(Provided entries Opens)

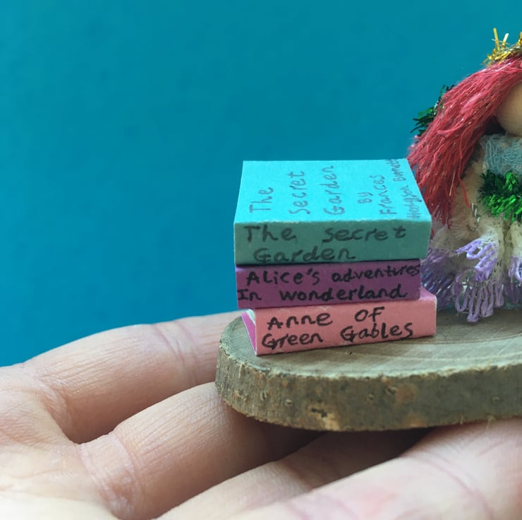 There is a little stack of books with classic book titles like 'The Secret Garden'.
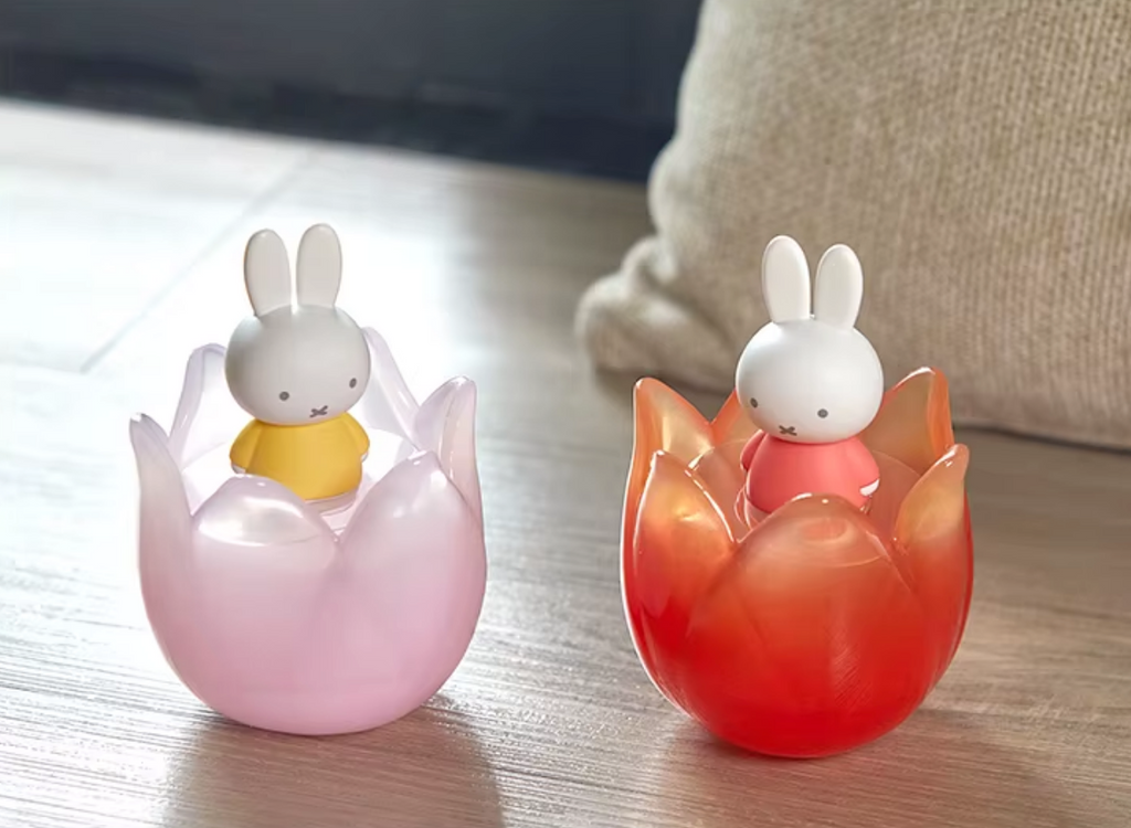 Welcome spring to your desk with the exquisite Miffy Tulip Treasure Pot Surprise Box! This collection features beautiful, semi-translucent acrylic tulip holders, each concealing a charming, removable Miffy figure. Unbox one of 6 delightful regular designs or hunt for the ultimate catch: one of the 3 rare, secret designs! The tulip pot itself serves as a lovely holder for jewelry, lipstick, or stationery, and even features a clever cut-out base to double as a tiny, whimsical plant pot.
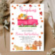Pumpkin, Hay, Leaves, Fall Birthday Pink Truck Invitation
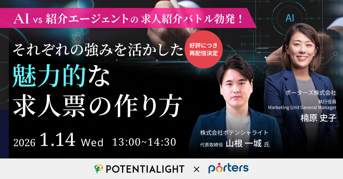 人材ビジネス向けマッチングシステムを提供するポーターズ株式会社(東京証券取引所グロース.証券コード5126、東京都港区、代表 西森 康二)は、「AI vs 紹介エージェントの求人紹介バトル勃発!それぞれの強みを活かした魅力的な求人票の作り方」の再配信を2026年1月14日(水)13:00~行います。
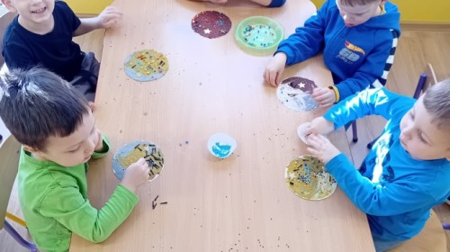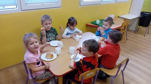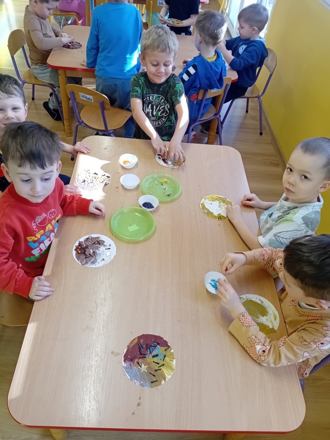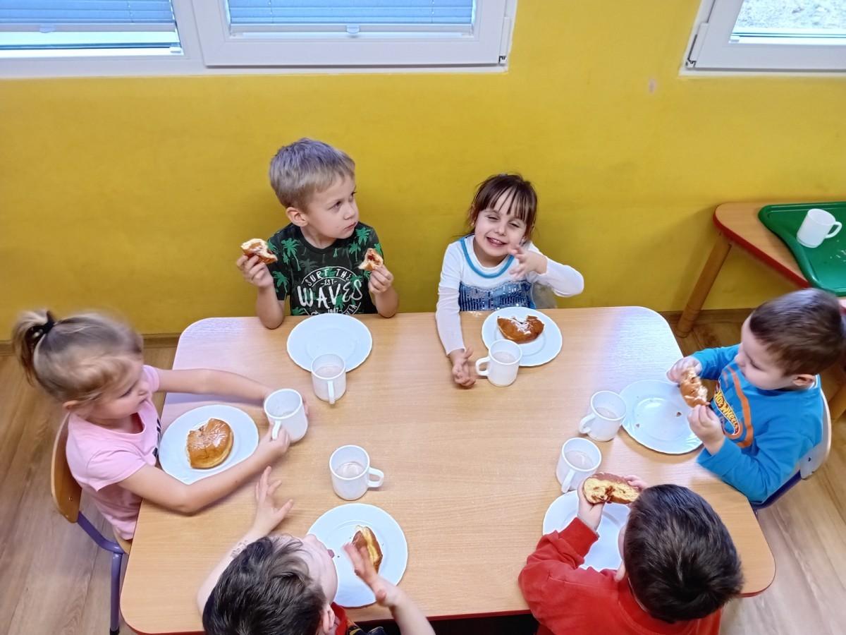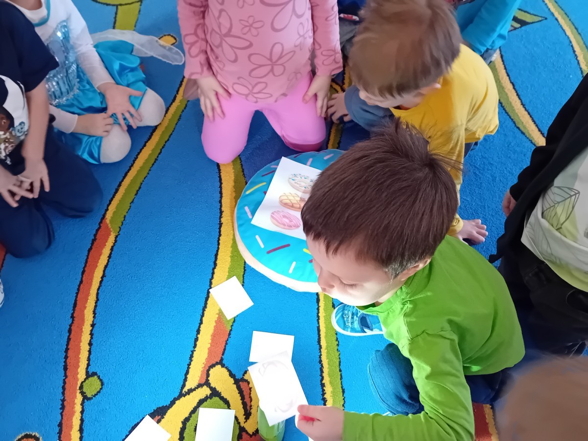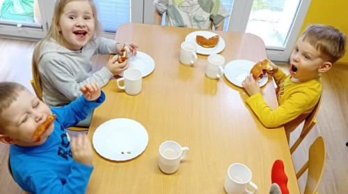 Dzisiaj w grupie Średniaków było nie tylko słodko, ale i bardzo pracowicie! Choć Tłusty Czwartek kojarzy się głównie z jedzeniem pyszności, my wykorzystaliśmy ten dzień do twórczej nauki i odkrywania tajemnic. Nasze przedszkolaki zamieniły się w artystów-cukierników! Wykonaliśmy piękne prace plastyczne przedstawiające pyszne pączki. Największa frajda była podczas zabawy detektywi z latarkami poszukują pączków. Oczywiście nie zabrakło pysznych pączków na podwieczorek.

(Provided entries Closes)
(Provided entries Opens)

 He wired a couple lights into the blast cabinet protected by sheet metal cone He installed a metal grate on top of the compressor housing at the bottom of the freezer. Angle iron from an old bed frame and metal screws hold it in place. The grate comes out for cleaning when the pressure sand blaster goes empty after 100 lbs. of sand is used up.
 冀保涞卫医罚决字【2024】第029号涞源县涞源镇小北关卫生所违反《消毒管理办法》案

(Provided entries Closes)

● Your goal
Your copy should hold the lines from the one with "There is a little" up to and including the one with "西森 康二)は、「AI vs", exactly as in the data above, and no pictures.

● Result of the task
 There is a little stack of books with classic book titles like 'The Secret Garden'.
 Welcome spring to your desk with the exquisite Miffy Tulip Treasure Pot Surprise Box! This collection features beautiful, semi-translucent acrylic tulip holders, each concealing a charming, removable Miffy figure. Unbox one of 6 delightful regular designs or hunt for the ultimate catch: one of the 3 rare, secret designs! The tulip pot itself serves as a lovely holder for jewelry, lipstick, or stationery, and even features a clever cut-out base to double as a tiny, whimsical plant pot.
Pumpkin, Hay, Leaves, Fall Birthday Pink Truck Invitation
 人材ビジネス向けマッチングシステムを提供するポーターズ株式会社(東京証券取引所グロース.証券コード5126、東京都港区、代表 西森 康二)は、「AI vs 紹介エージェントの求人紹介バトル勃発!それぞれの強みを活かした魅力的な求人票の作り方」の再配信を2026年1月14日(水)13:00~行います。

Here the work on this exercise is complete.